Another thing this case illustrates is the routine overkill by prosecutors, especially federal prosecutors, including treating something that most people would view as a single act instead as multiple separate acts; stretching and straining the meanings of words beyond all recognition; interpreting a clause or sentence in a statute literally, although that literal interpretation is clearly beyond what Congress intended the statute to mean; and charging the same conduct under separate counts as violations of separate laws. Almost all federal indictments have a zillion counts.
One thing that strikes me about this case is the use of the same type of tactics against this guy that the Justice Dept. regularly uses against foreign nationals whom they suspect are affiliated with al Qaeda (or whatever) in keeping them in custody: basically, lying. In most of the terrorist-suspect incidents, the detained person turned out to have had no tie whatsoever with any terrorist group.

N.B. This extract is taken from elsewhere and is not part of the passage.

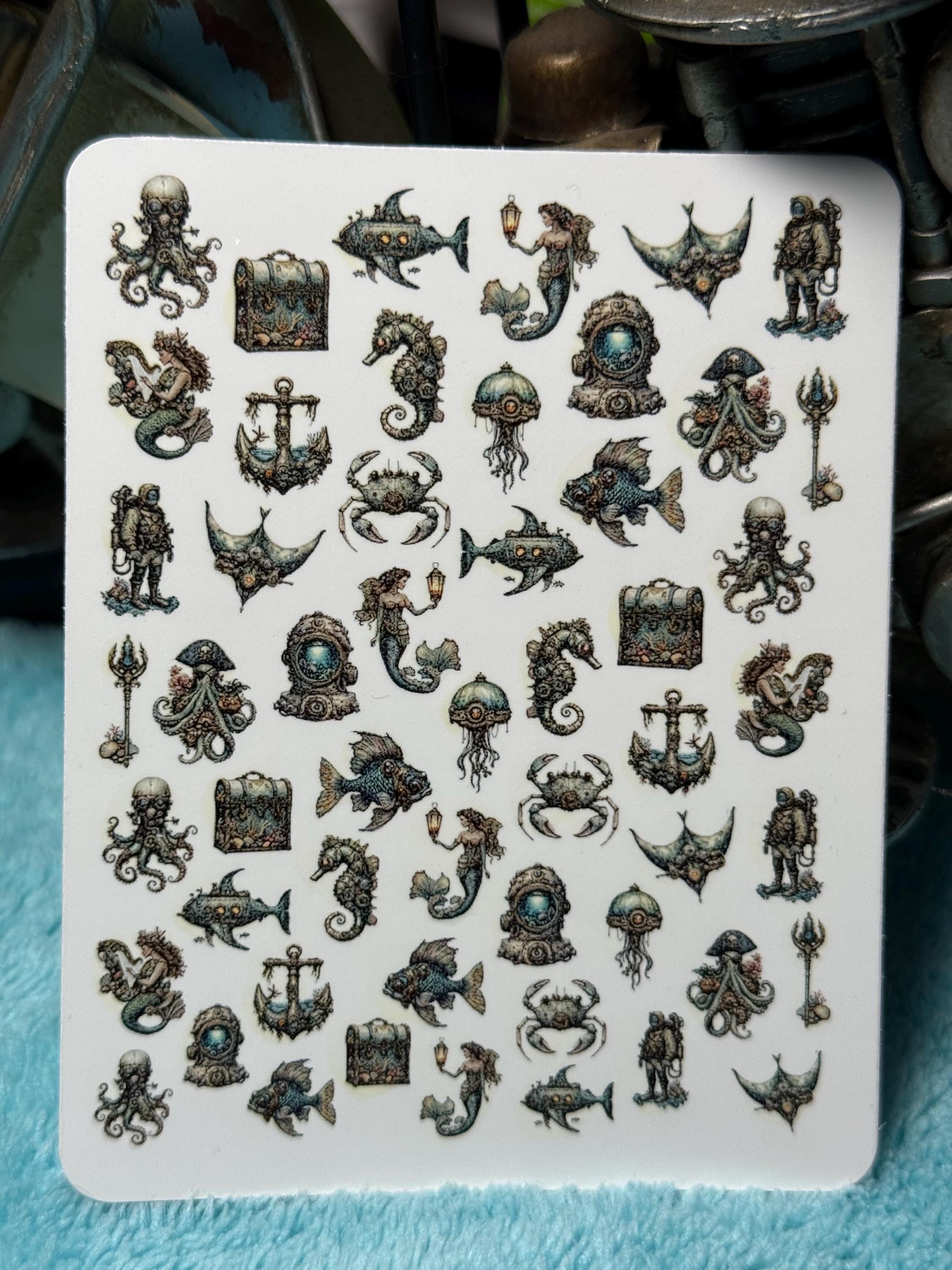 Under the Sea Nail Art Water Slide Stickers for Nails, Victorian, Steampunk, Mermaid Nail Stickers

I think this incident may be a watershed in that this high-level Canadian judge held up a mirror to the Justice Dept.’s tactics and exposed them for what they were. I do disagree with the judge that the absence of monetary loss to Cisco from this guy’s unauthorized access to Cisco’s computer records means that there was no criminal violation. Unauthorized access to computer records is a per se violation of the criminal law. But I agree with the judge’s assessment of Cisco’s conduct and of the Justice Dept.’s.